30 years into the web’s history, micropayments still aren’t a part of our daily lives. It’s one of the great unsolved mysteries — why didn’t this promising system take off, and who, if anyone, is responsible for its early demise?
As the world wide web soared in the 1990s, many of the systems envisioned by its early architects saw rapid development. But micropayments, which had once been described as an essential nutrient for any web system, seemed to be dead in the water.
There are arguments for micropayments. One is that they might enable the missing middle for creator content, by enabling purchases that might be too small to warrant either a subscription or a one-time $10 purchase. Examples of this are unlocking paywalls for a single article without signing up for an expensive model, or paying small amounts of money for many songs experienced on Spotify.
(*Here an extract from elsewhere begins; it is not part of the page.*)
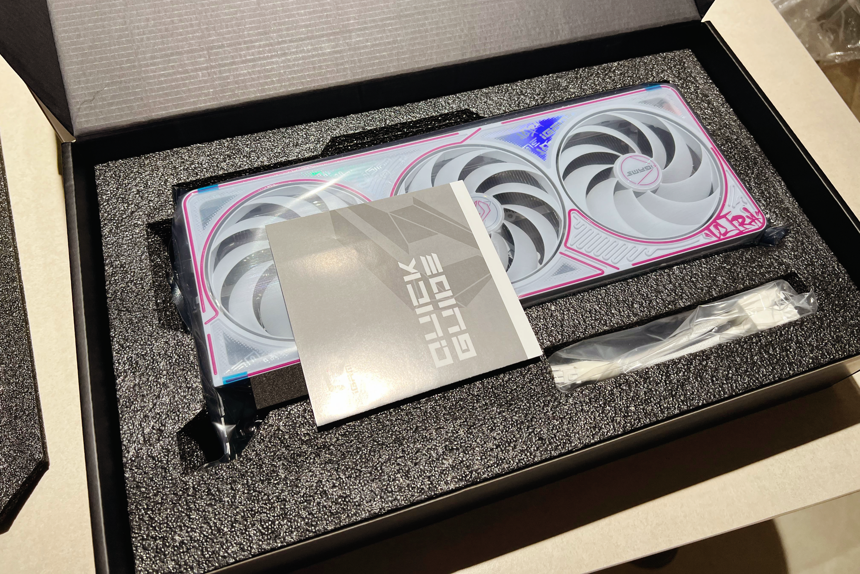 안전 스트로폼이 맞이하고 이를 들면 아래와 같이 그래픽카드와 설명서, 케이블을 볼 수 있다.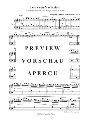 Tema con Variazioni - Noten für Klavier Solo Wolfgang Amadeus Mozart

Implementing micropayments was difficult in the past, mostly due to needing to build an expensive storefront system, and the transaction cost for credit card processing could be .45 cents for every dollar, making payments of less than $1 prohibitively expensive.
And while the Interledger Protocol is a technology that finally addresses this transaction cost, the question still stands. Are micropayments a viable business model? If so, when and why do they make sense?
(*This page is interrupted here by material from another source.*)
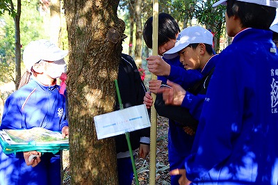 13日(金)の午前中、1年生がイオンの森調査活動を行いました。事前にイオン環境財団や綾ユネスコエコパークセンターの方々から樹高や幹回りの測り方などを教えていただいています。当日も、現地でのご指導をしていただきました。生徒たちは各班に分かれての活動でしたが、それぞれの役割に応じて協力しながら調査を行っていました。調査後は、タブレット端末に入っているアプリを使い、植物などの名前を探すことも体験しました。天気にも恵まれ、大変有意義な調査活動ができました。ご指導ご協力いただいたすべての皆様に感謝申し上げます。ありがとうございました。

In order to get the full context of where micropayments come from, we need to look at the history of the Internet and the web, along with Micropayments.
There were multiple attempts at building a micropayment system throughout the 90s, all of which ended up going in different directions than intended — if not failing outright.
Is there a party responsible for this early death of micropayments? Is there a single guilty party, or many? Was it an act of intentional sabotage, or just an accident that came with the unpredictability of the time?
In this article, we’ll be taking a look at a wide variety of players, examining their roles in the evolution of web transactions. This first installment will look at the years before 2000 — when the web was young, experimental, and unpredictable.
Micropayments in the 1960s
The term “micropayment” was coined by Ted Nelson in 1960. Nelson is a major figure in early network development, who came up with much of the concepts and vocabulary which would become central to web development.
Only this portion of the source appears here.